-------- Exercise data

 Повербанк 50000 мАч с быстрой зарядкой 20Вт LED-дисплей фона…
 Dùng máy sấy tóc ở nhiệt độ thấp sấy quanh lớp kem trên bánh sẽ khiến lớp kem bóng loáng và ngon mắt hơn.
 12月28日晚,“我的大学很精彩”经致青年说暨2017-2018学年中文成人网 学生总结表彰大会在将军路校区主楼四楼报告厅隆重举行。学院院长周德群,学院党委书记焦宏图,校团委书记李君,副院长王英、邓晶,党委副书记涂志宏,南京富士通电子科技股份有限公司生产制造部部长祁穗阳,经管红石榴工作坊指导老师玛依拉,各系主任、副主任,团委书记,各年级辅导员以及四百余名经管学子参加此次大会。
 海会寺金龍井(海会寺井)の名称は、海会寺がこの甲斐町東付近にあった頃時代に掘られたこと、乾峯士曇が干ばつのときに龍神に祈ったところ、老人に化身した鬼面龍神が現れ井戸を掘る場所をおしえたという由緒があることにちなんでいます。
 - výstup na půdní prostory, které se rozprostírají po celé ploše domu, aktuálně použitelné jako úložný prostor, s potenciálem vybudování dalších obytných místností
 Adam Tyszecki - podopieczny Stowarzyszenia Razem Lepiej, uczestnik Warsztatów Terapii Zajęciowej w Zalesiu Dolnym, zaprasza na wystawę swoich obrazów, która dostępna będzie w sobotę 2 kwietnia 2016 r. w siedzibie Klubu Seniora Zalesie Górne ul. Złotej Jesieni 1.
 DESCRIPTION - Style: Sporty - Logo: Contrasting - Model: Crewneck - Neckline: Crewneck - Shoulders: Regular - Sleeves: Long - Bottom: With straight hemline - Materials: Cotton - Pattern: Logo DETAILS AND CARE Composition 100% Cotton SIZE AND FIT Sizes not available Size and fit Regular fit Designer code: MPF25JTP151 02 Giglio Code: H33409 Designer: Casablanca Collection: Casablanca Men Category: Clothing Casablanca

----------------
-------- Exercise data

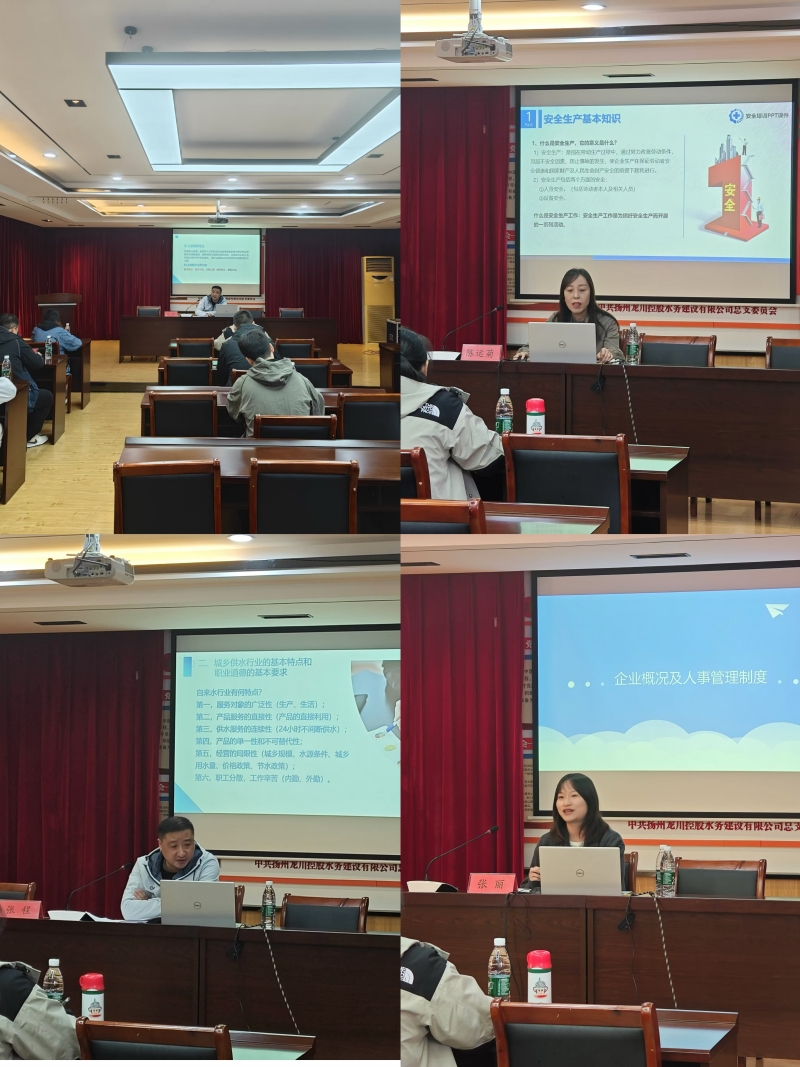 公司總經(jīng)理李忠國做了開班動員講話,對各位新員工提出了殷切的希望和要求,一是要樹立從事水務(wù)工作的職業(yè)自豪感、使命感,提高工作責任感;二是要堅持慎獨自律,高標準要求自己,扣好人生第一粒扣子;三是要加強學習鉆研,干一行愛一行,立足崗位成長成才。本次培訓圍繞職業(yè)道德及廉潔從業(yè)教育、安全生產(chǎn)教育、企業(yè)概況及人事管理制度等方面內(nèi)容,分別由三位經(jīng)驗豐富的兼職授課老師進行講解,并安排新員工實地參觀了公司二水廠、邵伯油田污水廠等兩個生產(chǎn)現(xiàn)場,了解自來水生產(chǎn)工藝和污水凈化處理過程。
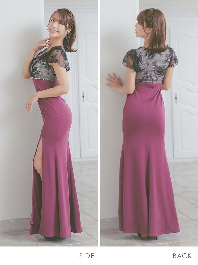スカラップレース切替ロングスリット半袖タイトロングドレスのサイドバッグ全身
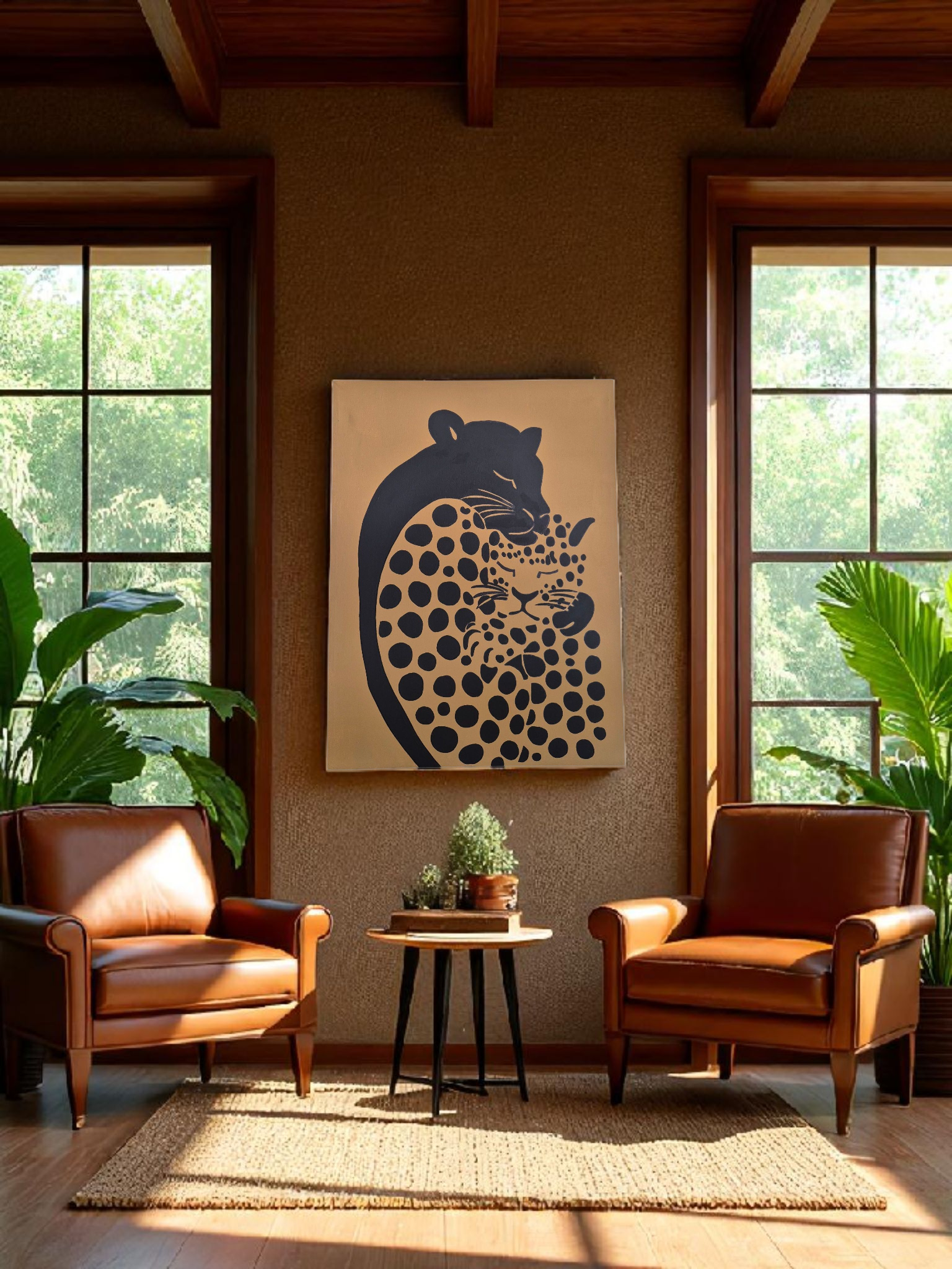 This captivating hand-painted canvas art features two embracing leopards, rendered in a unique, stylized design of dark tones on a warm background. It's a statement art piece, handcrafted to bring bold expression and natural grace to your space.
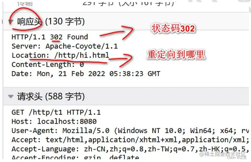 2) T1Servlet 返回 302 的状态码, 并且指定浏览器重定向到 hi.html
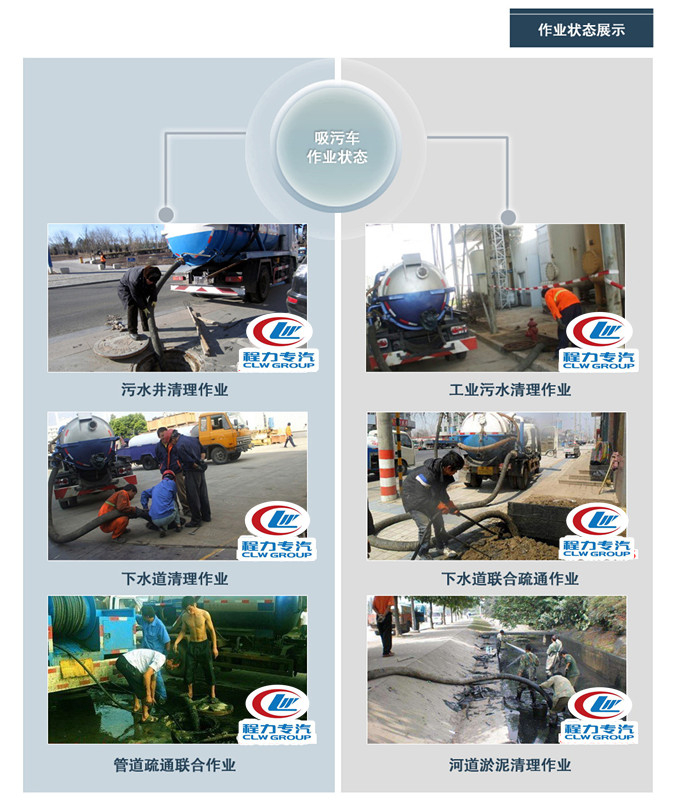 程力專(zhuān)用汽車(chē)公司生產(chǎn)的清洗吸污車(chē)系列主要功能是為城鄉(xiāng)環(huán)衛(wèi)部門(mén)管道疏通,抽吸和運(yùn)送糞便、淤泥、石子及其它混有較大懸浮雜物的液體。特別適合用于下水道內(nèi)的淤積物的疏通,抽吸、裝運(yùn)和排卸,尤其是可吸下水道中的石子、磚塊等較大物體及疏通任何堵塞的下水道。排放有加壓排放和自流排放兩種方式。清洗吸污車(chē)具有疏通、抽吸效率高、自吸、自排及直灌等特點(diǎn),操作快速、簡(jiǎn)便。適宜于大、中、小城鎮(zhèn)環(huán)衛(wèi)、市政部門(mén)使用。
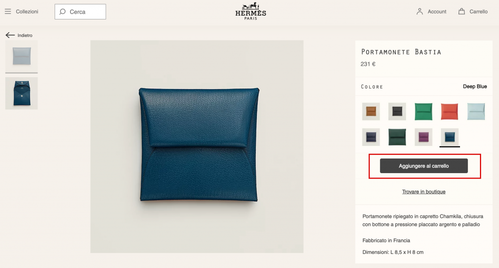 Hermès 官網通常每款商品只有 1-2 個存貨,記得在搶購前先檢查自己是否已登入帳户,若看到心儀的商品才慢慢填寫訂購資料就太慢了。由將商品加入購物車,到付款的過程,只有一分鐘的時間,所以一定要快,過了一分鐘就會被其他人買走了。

----------------
-------- Exercise data

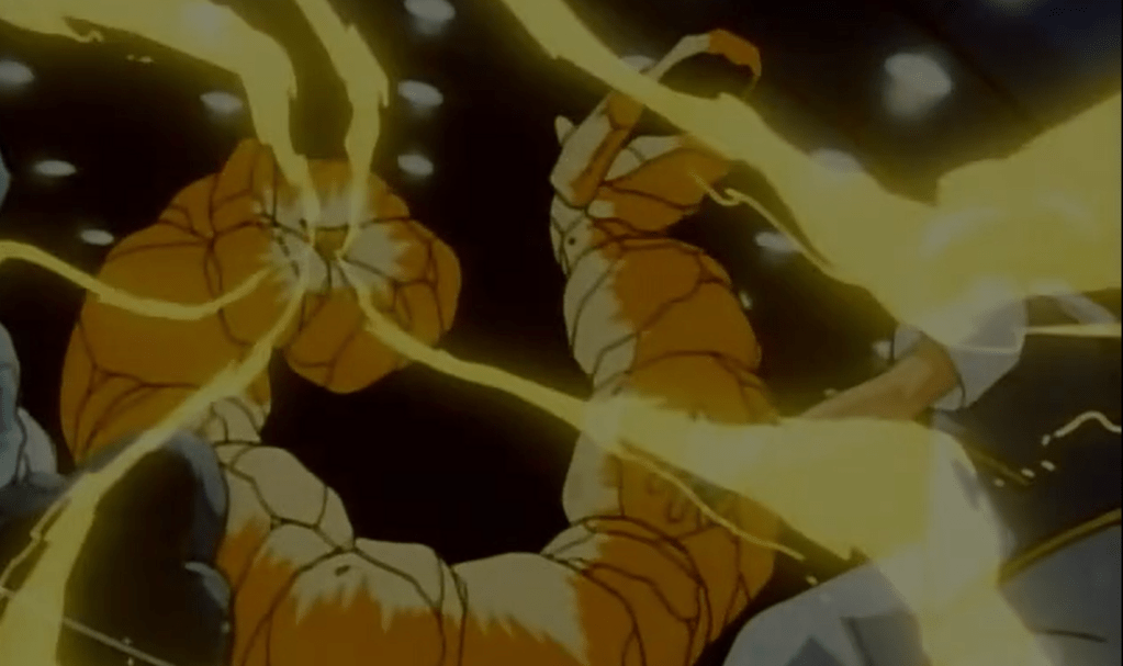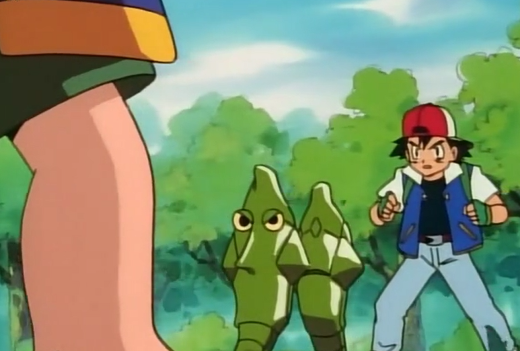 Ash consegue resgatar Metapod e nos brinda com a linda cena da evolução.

----------------

■ **Exercise brief**
In the data above, start at the line that has "Повербанк 50000 мАч", stop after the line that has "Adam Tyszecki - podopieczny", and print every line in between exactly as it stands.

■ **Response box**
 Повербанк 50000 мАч с быстрой зарядкой 20Вт LED-дисплей фона…
 Dùng máy sấy tóc ở nhiệt độ thấp sấy quanh lớp kem trên bánh sẽ khiến lớp kem bóng loáng và ngon mắt hơn.
 12月28日晚,“我的大学很精彩”经致青年说暨2017-2018学年中文成人网 学生总结表彰大会在将军路校区主楼四楼报告厅隆重举行。学院院长周德群,学院党委书记焦宏图,校团委书记李君,副院长王英、邓晶,党委副书记涂志宏,南京富士通电子科技股份有限公司生产制造部部长祁穗阳,经管红石榴工作坊指导老师玛依拉,各系主任、副主任,团委书记,各年级辅导员以及四百余名经管学子参加此次大会。
 海会寺金龍井(海会寺井)の名称は、海会寺がこの甲斐町東付近にあった頃時代に掘られたこと、乾峯士曇が干ばつのときに龍神に祈ったところ、老人に化身した鬼面龍神が現れ井戸を掘る場所をおしえたという由緒があることにちなんでいます。
 - výstup na půdní prostory, které se rozprostírají po celé ploše domu, aktuálně použitelné jako úložný prostor, s potenciálem vybudování dalších obytných místností
 Adam Tyszecki - podopieczny Stowarzyszenia Razem Lepiej, uczestnik Warsztatów Terapii Zajęciowej w Zalesiu Dolnym, zaprasza na wystawę swoich obrazów, która dostępna będzie w sobotę 2 kwietnia 2016 r. w siedzibie Klubu Seniora Zalesie Górne ul. Złotej Jesieni 1.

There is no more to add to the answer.